*EXERCISE*. Please return the data word for word and leave out any picture it contains.

### DATA BLOCK ###

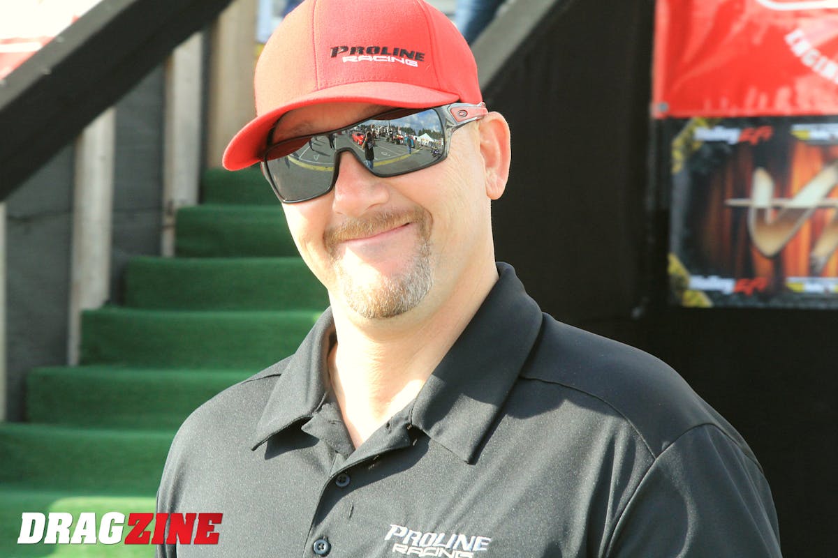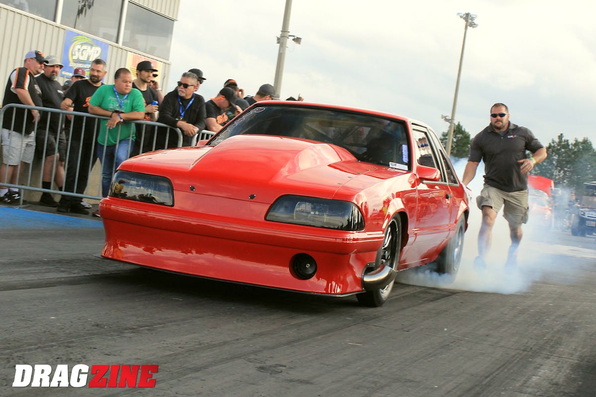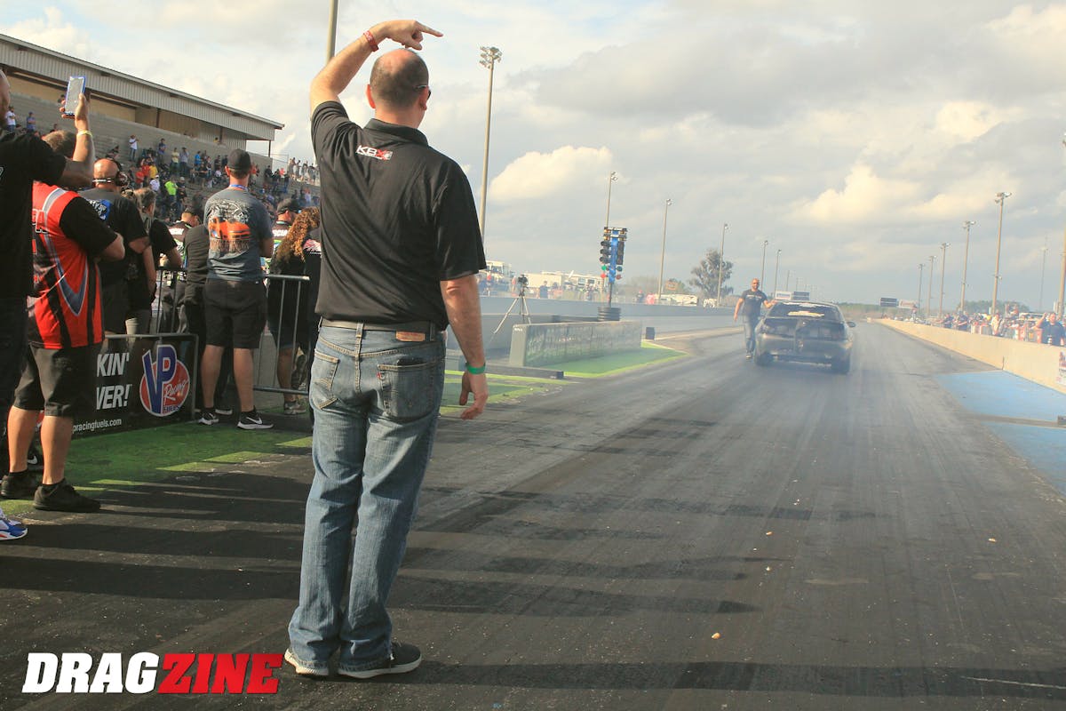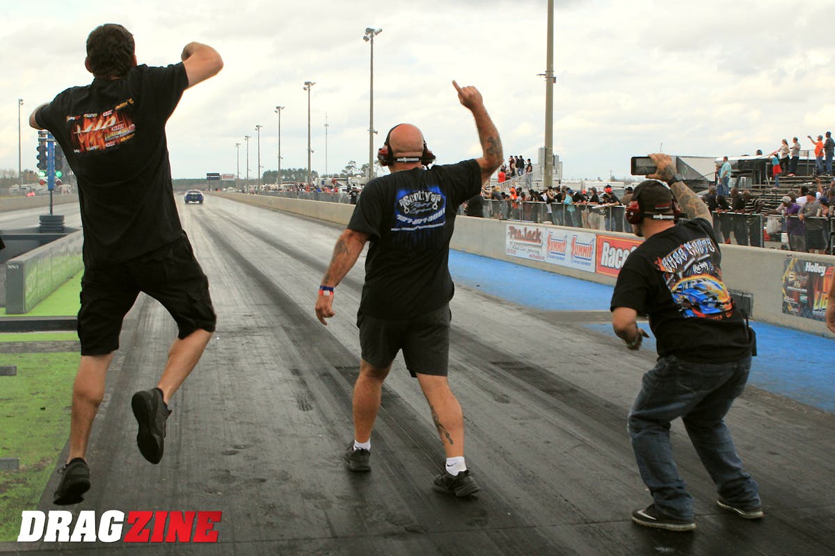 During Thursday qualifying he shut the car down short of 1,000 feet and coasted to a 6.22 at just 169.23 mph, good for third on the sheet. On Friday, he again slowed to a 6.35 at just over 140 mph, setting the stage for what he and Tecklenburg planned to be a kitchen-sink run in the first round of eliminations.
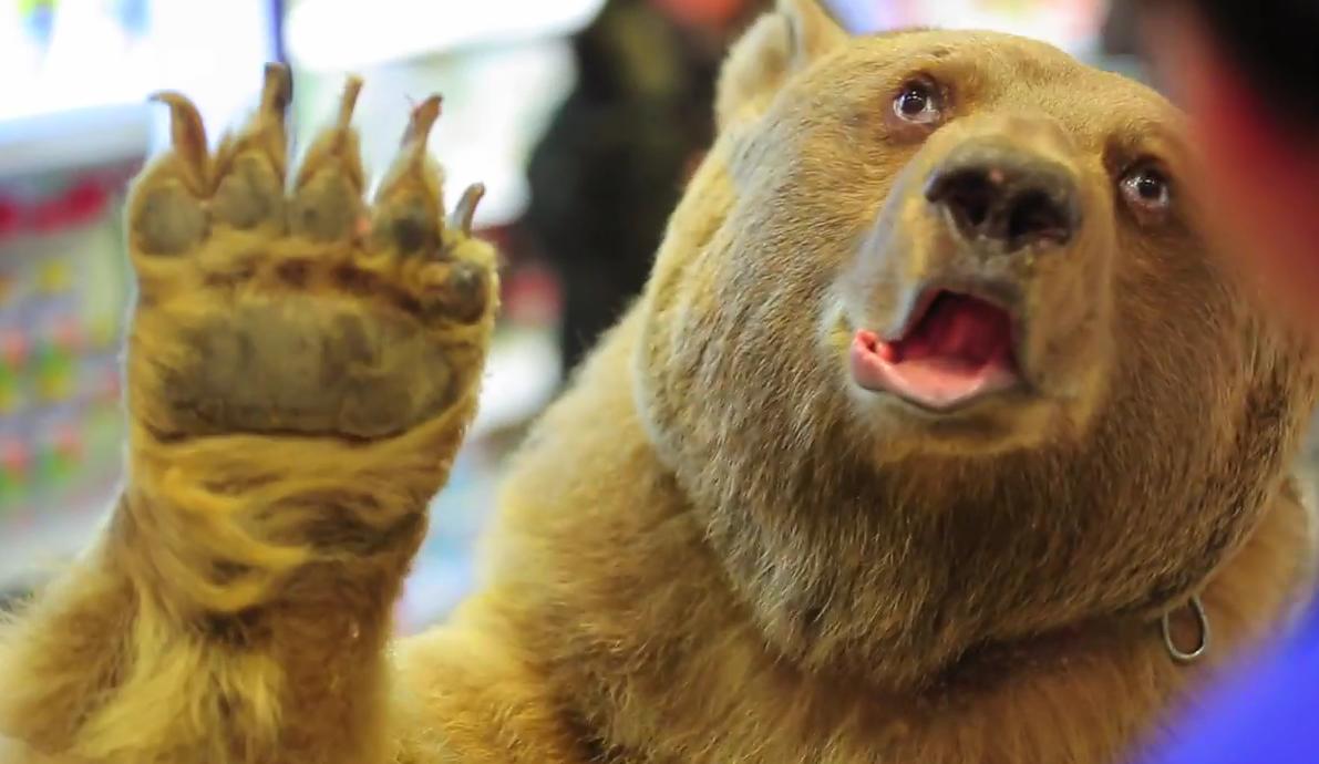 Кульминацией праздника стало появление в магазине самого настоящего медведя, который показывал фокусы, а после полакомился сметаной «Простоквашино» прямо с прилавка. В подписи к видео разработчики предупредили зрителей: «Не пытайтесь повторить дома ничего, кроме поедания блинов!»
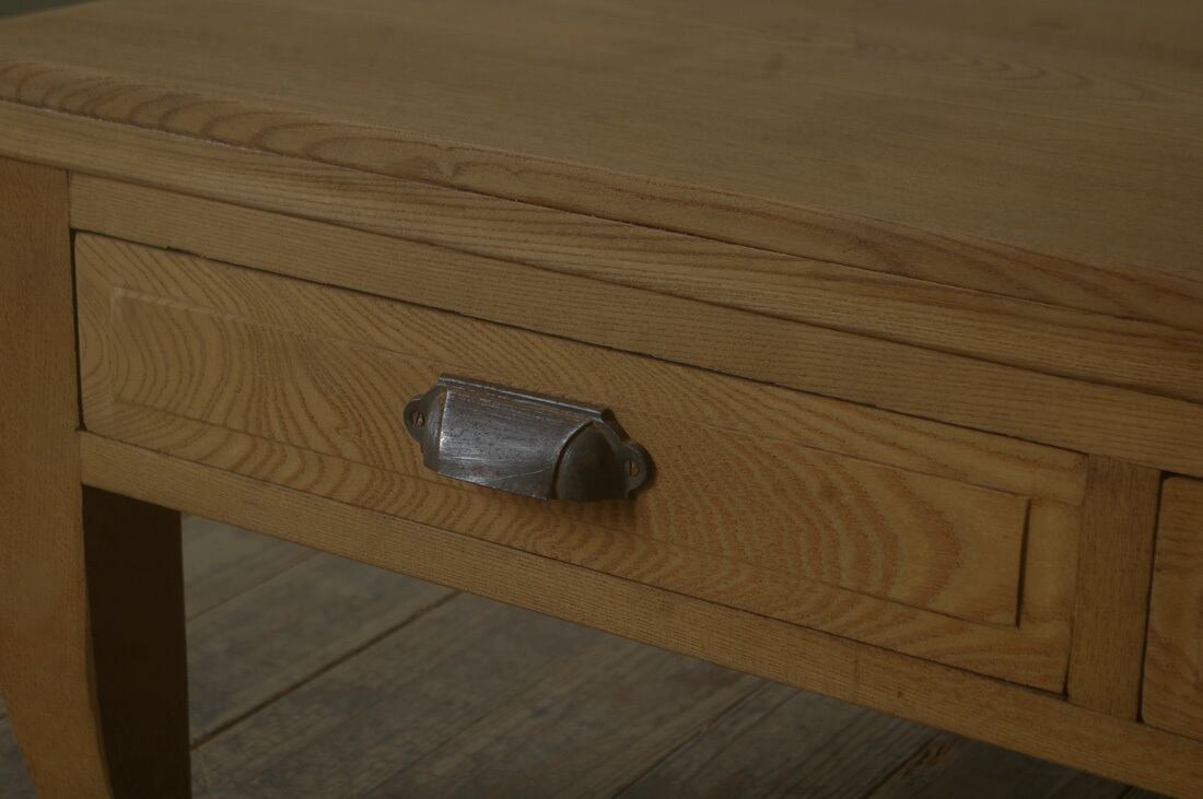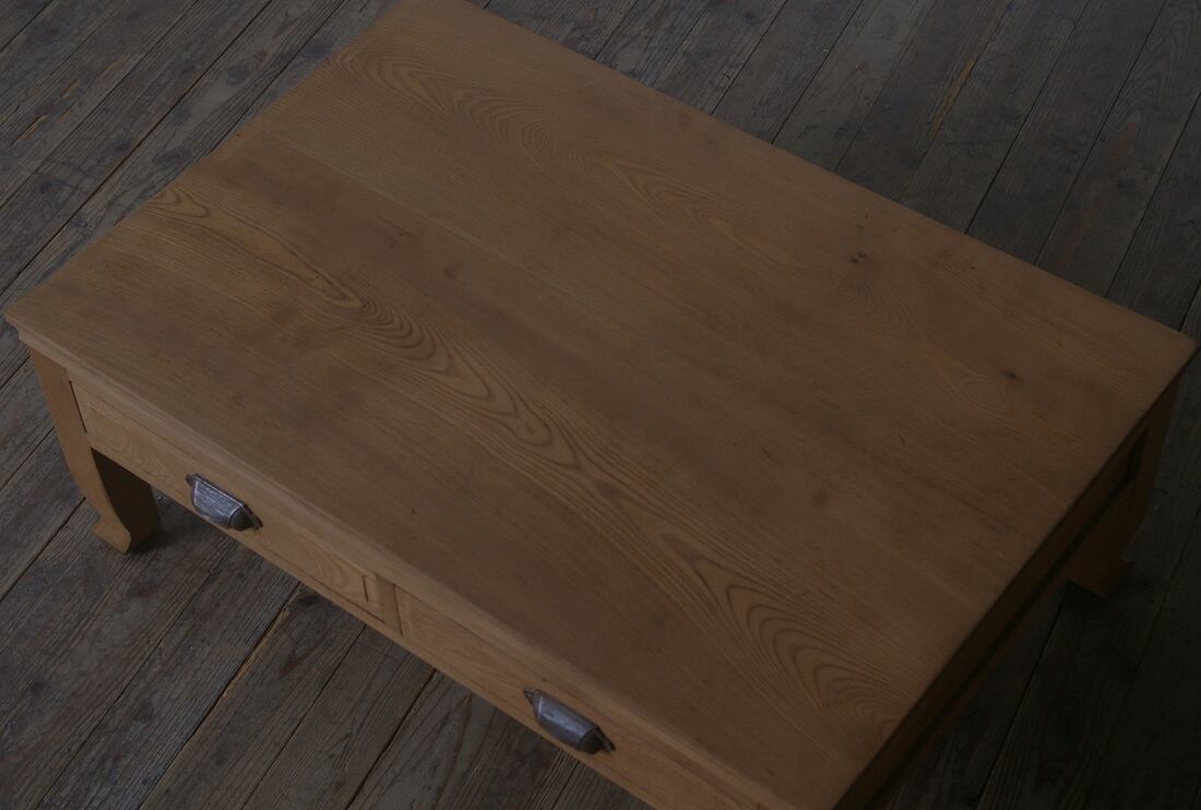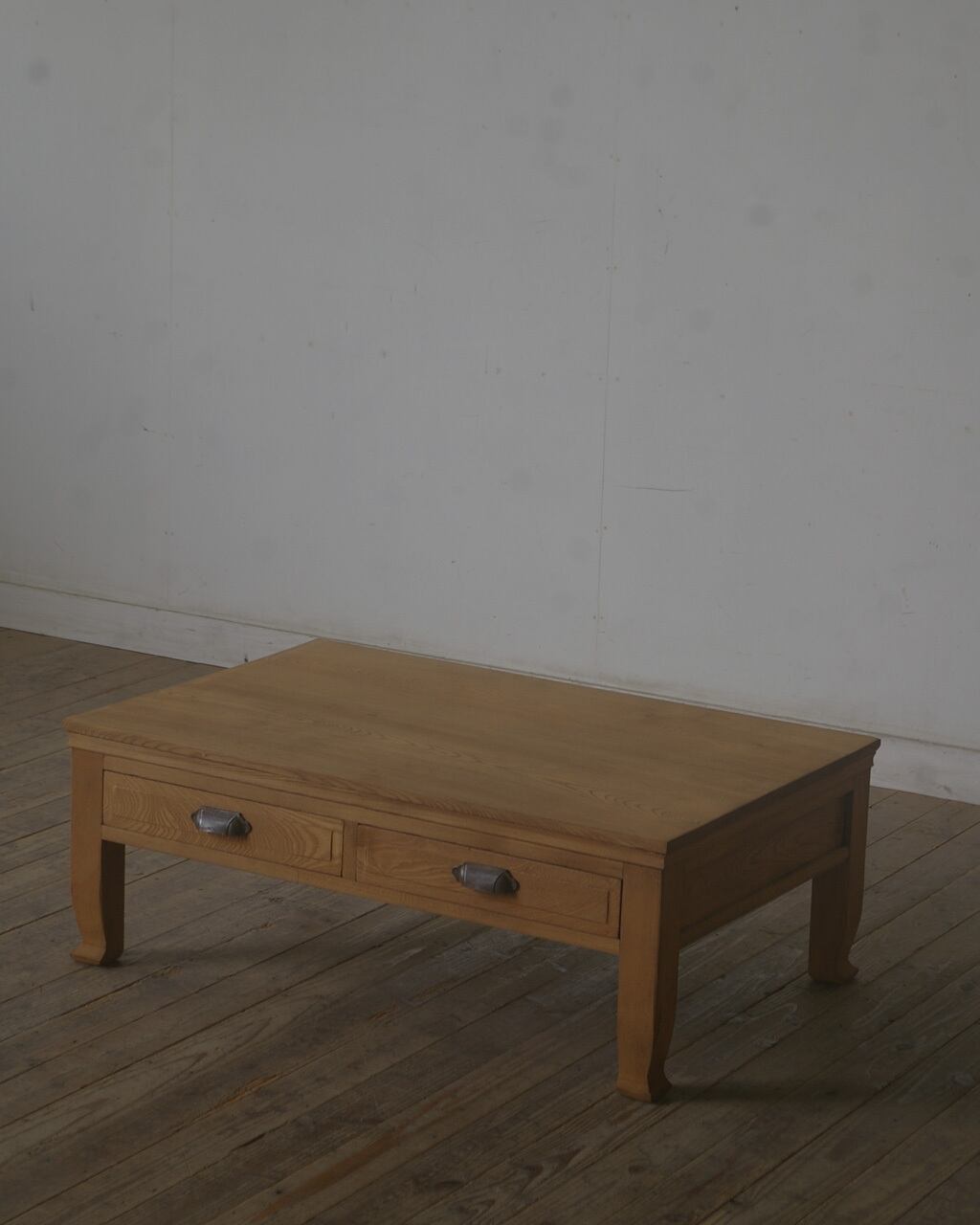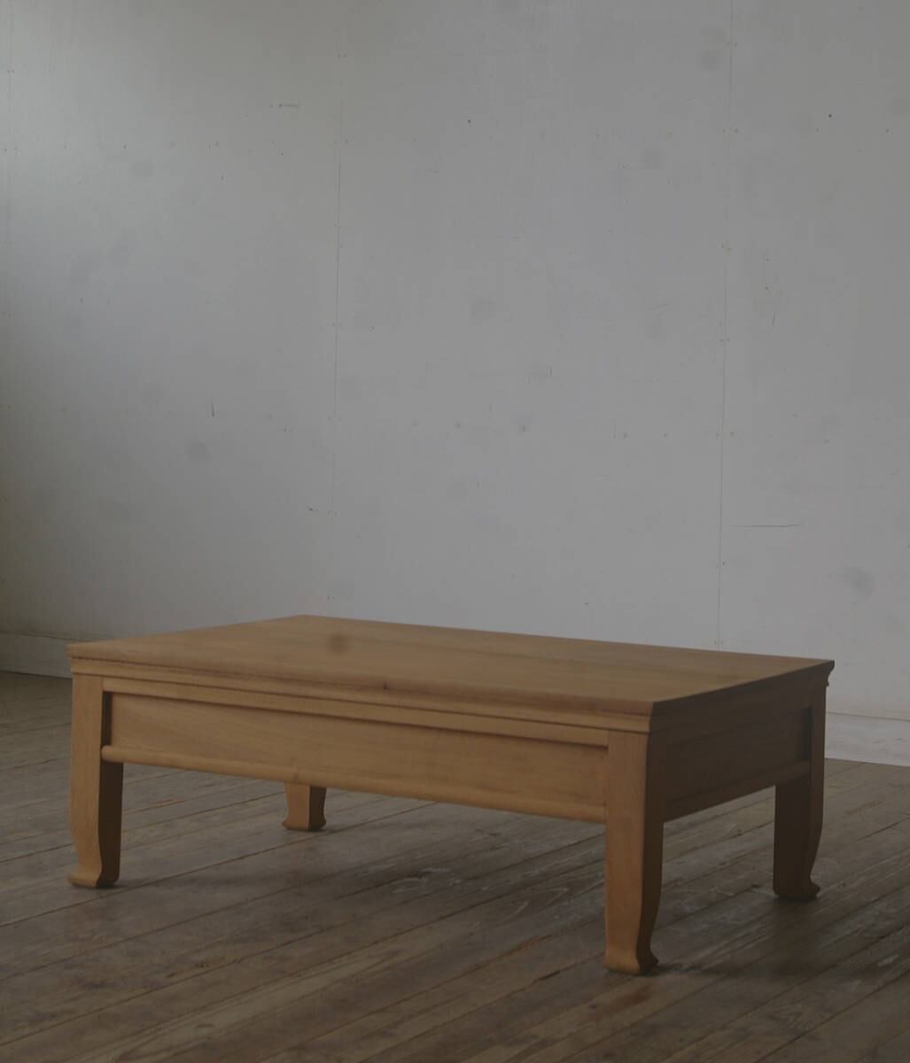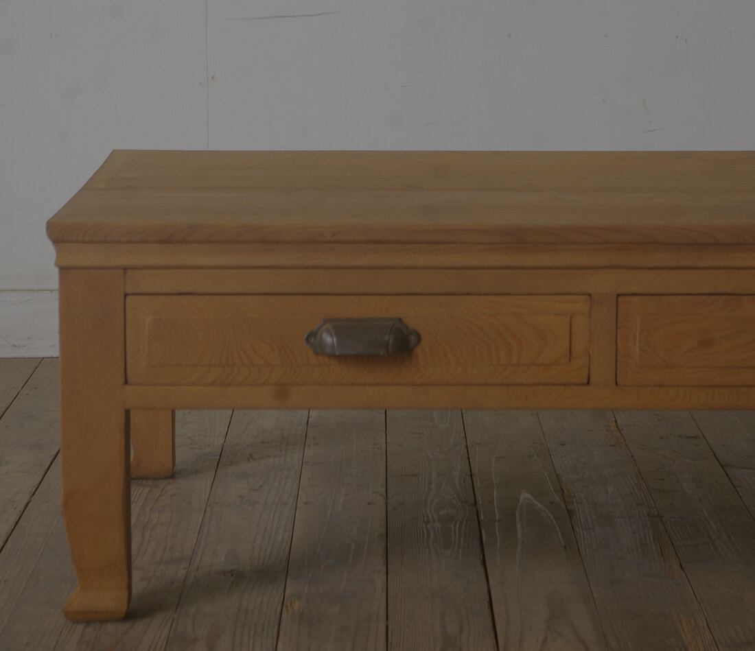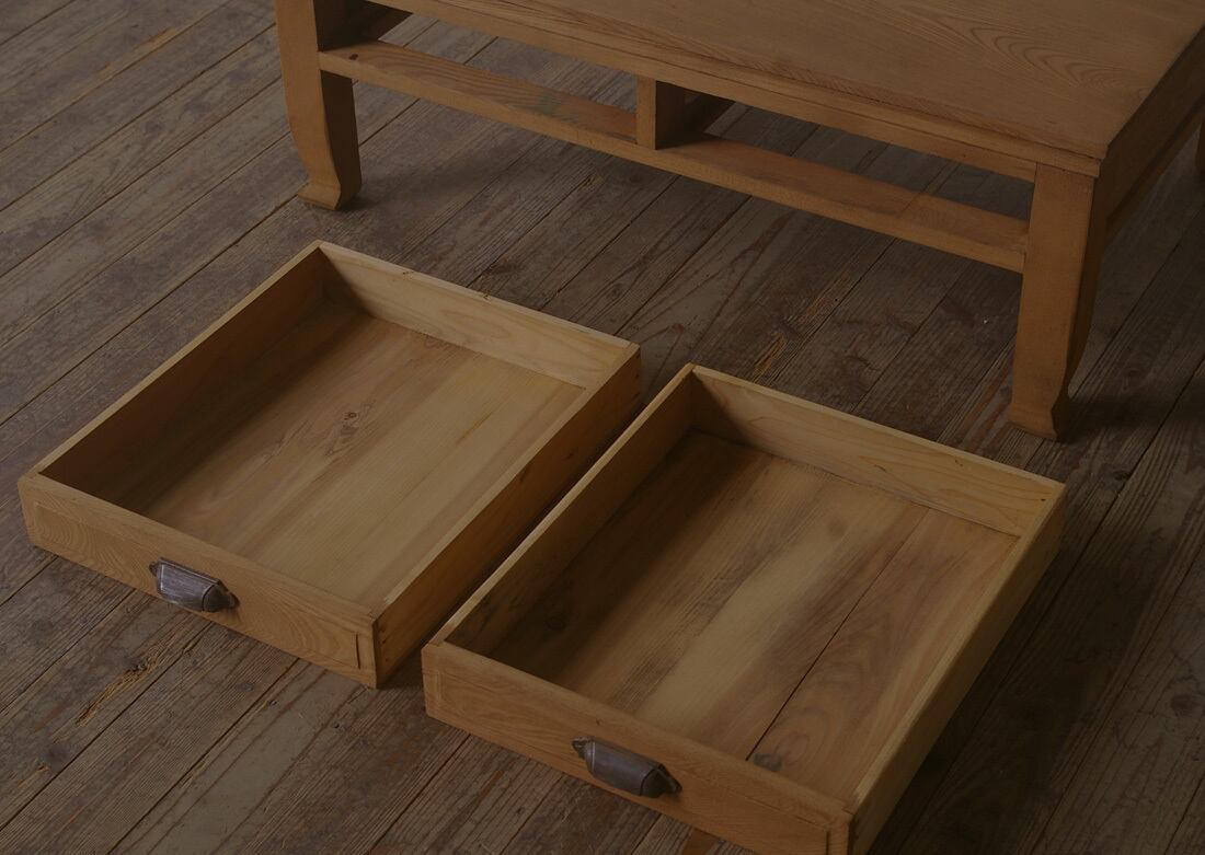 欅材◆古手◆造りの良いローテーブル◆引き出し2杯 YZ2058

###

*PROBLEM SOLUTION*.
 During Thursday qualifying he shut the car down short of 1,000 feet and coasted to a 6.22 at just 169.23 mph, good for third on the sheet. On Friday, he again slowed to a 6.35 at just over 140 mph, setting the stage for what he and Tecklenburg planned to be a kitchen-sink run in the first round of eliminations.
 Кульминацией праздника стало появление в магазине самого настоящего медведя, который показывал фокусы, а после полакомился сметаной «Простоквашино» прямо с прилавка. В подписи к видео разработчики предупредили зрителей: «Не пытайтесь повторить дома ничего, кроме поедания блинов!»
 欅材◆古手◆造りの良いローテーブル◆引き出し2杯 YZ2058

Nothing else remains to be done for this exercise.